Rein technisch ist eine automatische Anpassung der BAföG-Freibeträge und Bedarfssätze an die Einkommens- und Preisentwicklung möglich. Die technische Umsetzbarkeit kann analog den Erhöhungen z.B. beim Arbeitslosengeld, bei der Rente oder vergleichbar der Erhöhung der Abgeordnetendiäten zu Anfang einer Legislaturperiode per einmaligem Parlamentsbeschluss erfolgen. Gleiches ließe sich beim BAföG umsetzen – und ist aufgrund der ständigen Heranziehung des BAföG zur Haushaltskonsolidierung dringend geboten.

Zu 2:

Die Lebenswirklichkeit der hochschulrechtlich zulässigen Studienmöglichkeiten verändert sich in einer Vielfalt und so rasch, dass das abstrakt-generelle Gesetz „BAföG“ – als staatliches Unterstützungssystem für das Studium – nicht mehr folgen kann.

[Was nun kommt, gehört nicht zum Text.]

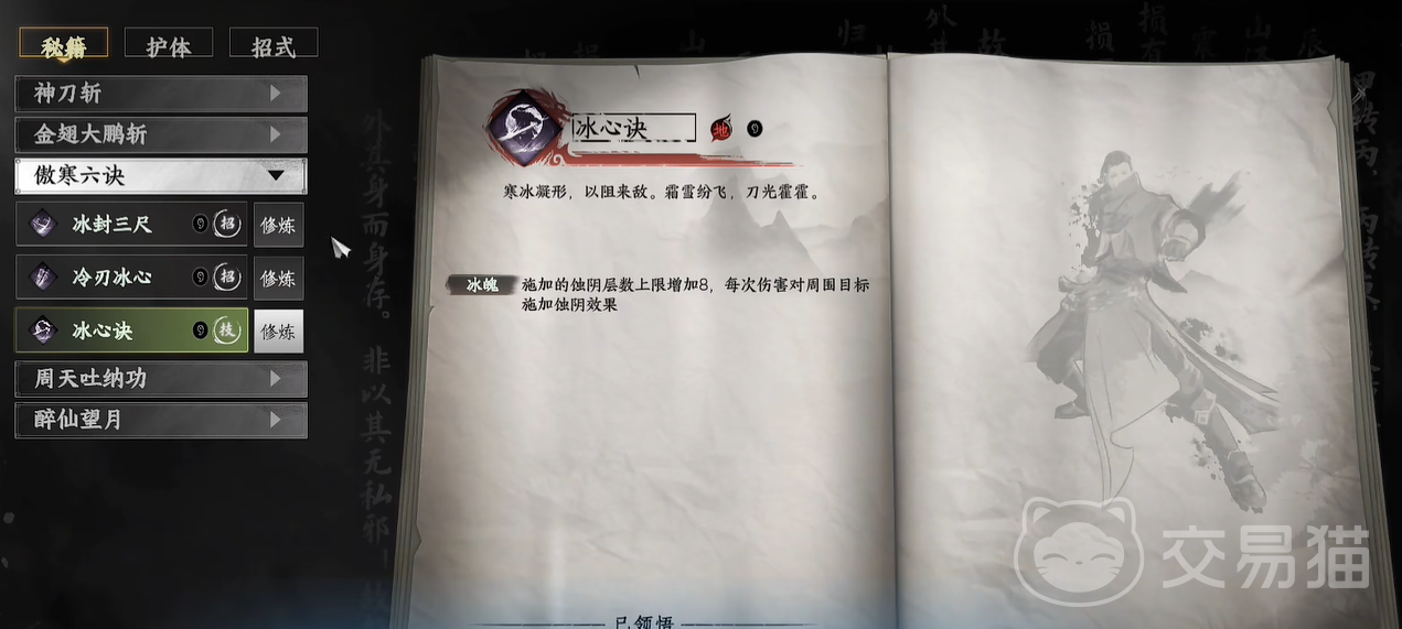 最后是傲寒六诀的最后招式——冰心诀。作为一项高效的状态类技能,冰心诀的主要作用是通过施加蚀阴效果,持续压制敌人的战斗力。其强化效果“冰魄”能增加蚀阴层数的上限,每次造成伤害时,都会对周围敌人施加额外的蚀阴层数。这意味着,冰心诀不仅能够单独打击敌人,还能通过持续叠加状态,削弱敌人的防御能力,制造出极强的控制效果。对于喜欢持久战斗并依赖状态叠加的玩家来说,冰心诀会是提升战斗节奏和掌控战局的关键技能。
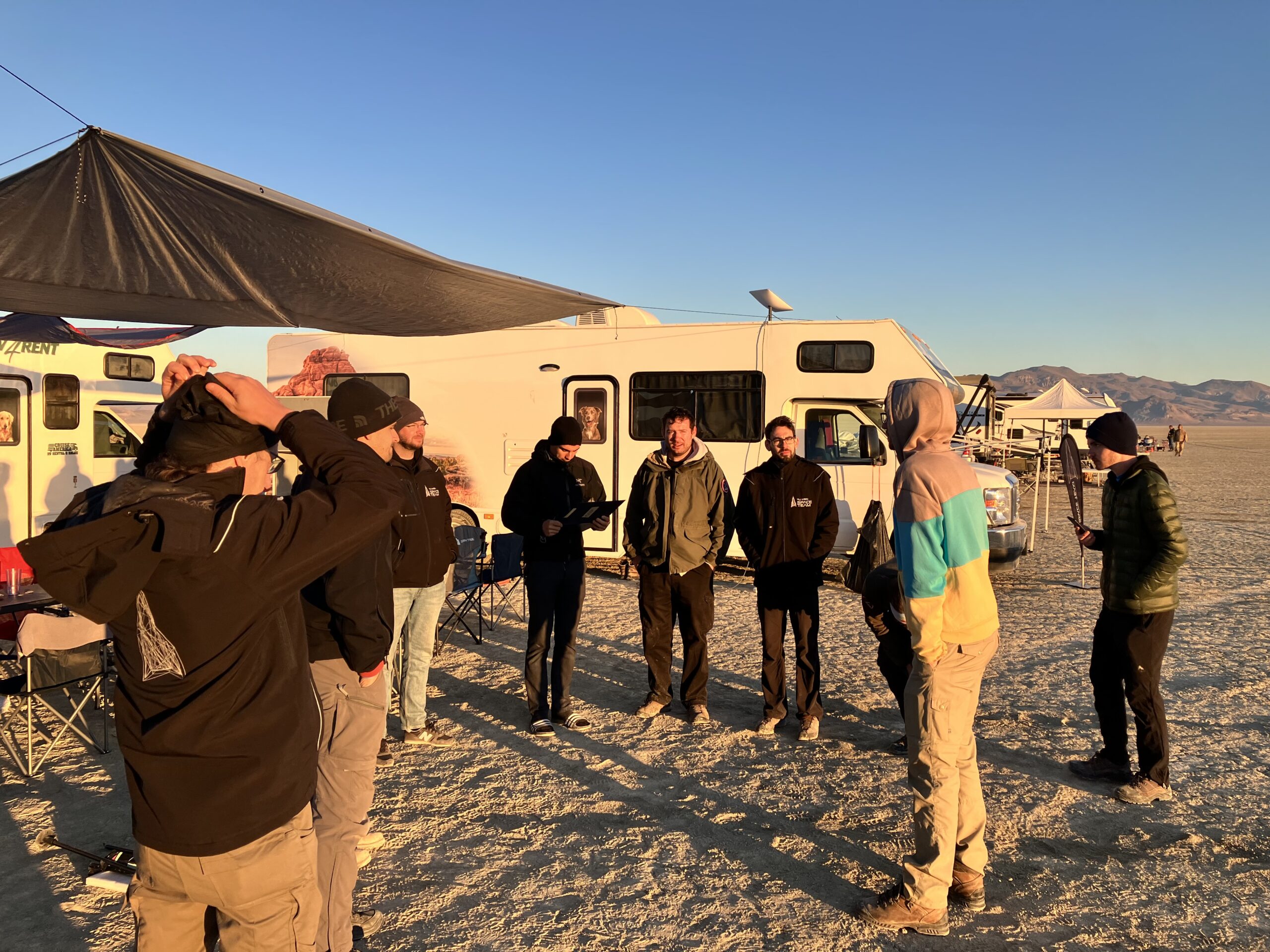 Wie auch die Jahre zuvor hatten wir Reno/NV als Standort für die Vorbereitungen ausgewählt. Schon ein Monat zuvor hatten wir die ganze Hardware per Spedition verschickt, dennoch gab es große Verzögerungen beispielsweise durch Rückfragen des Zollamts. Die Lieferung kam aber rechtzeitig an, und wir konnten die Zeit für Vorbereitungen gut nutzen: Auspacken, letzte Pre-Flight Checks, Vorbereiten der Pyrotechnik, Organisation der Verpflegung für die Wüste und vieles mehr stand am Programm.
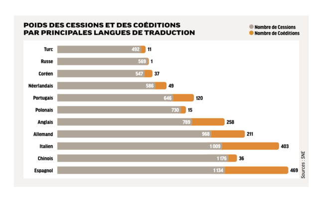 Devant, l’Espagne reste le numéro 1 pour les éditeurs français, ceci pour la troisième année consécutive, avec 1 600 contrats annuels environ. « En ajoutant à l’espagnol et à l’italien les langues chinoise, allemande, anglaise, portugaise et polonaise, on atteint plus de la moitié des contrats conclus », précise le dernier rapport SNE / France Livre.
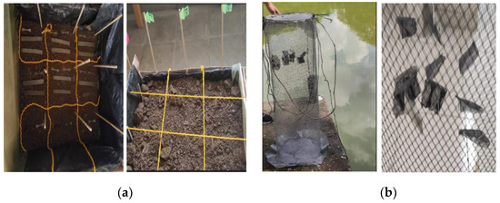 Wooden baskets of 53 × 48 × 35 cm in length, width, and height, respectively, were used in the set-up configuration. The degradation media, soil (preserving the depth profile), and compost were placed there. The samples necessary for a period of 90 days were placed equidistantly at the three depth levels (5, 10, and 20 cm), as shown in Figure 2a. In the case of water, the samples were placed inside a sample holder at a depth of 20 cm and protected by a wire-mesh cylinder, as shown in Figure 2b.
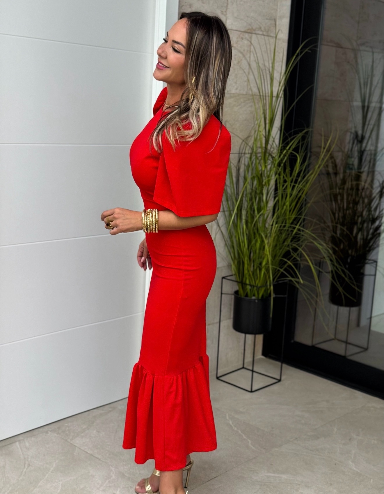 Vestido Farol Volante Rojo
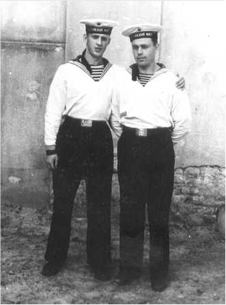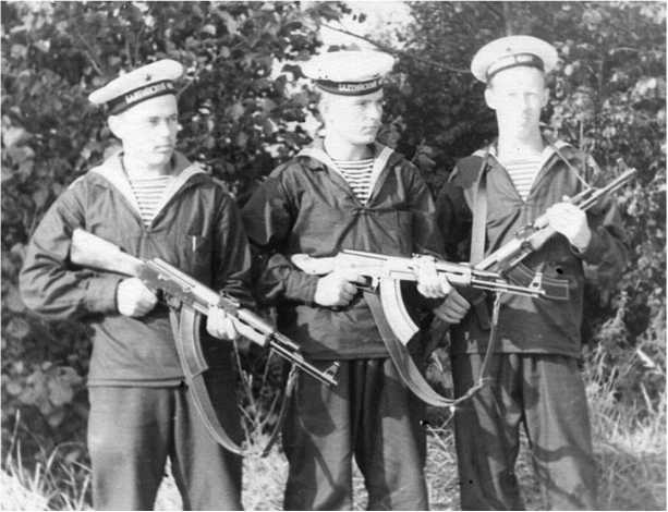 42. Молодые краснофлотцы Б. Щербаков, О. Мамалыга, Е. Фадеев на кронштадском полигоне.

Ohne Festschreibung des Grundsatzes, dass das BAföG als Annexrecht dem Hochschulrecht folgt, d.h. hochschulrechtlich zulässige Studienformen förderungsrechtlich nachvollzogen werden müssen, werden Studierende, die legale Studienmöglichkeiten nutzen, oftmals vom staatlichen Studienfinanzierungssystem ausgeschlossen.

Die Lösung liegt in der Einfügung einer Generalklausel, die genau diesen Grundsatz – auch systematisch durch eine hervorgehobene Stellung gleich zu Beginn des BAföG – zur Maxime erhebt.

Beispiele sind:

  • Probestudium, Orientierungs- oder Kompassstudien
  • Zahl der Leistungspunkte je Semester, Übertragung von Leistungspunkten von Bachelor- in Masterstudiengänge
  • Individualisierung, Flexibilisierung, „Studium in unterschiedlichen Geschwindigkeiten“ (Beschluss der Hochschulrektorenkonferenz und der Kultusministerkonferenz vom 15.7.2016)
  • Formale Teilzeitstudiengänge
  • Anrechnung vorangegangener Studienzeiten bzw. Fachrichtungswechsel bei Flüchtlingen an deutschen Hochschulen, anlässlich von bei der Flucht verlorenen Hochschuldokumenten

Der Anwendungsbereich der Generalklausel bezieht sich damit insbesondere auf die §§ 7 (Ausbildungsstruktur), 15, 15a und b (Förderungsdauer) und 48 (Leistungsnachweis) BAföG.

Dieses ist zwingend, damit Studierende bei hochschulrechtlich zulässigen studienorganisatorischen Formen auch an der BAföG-Förderung partizipieren können.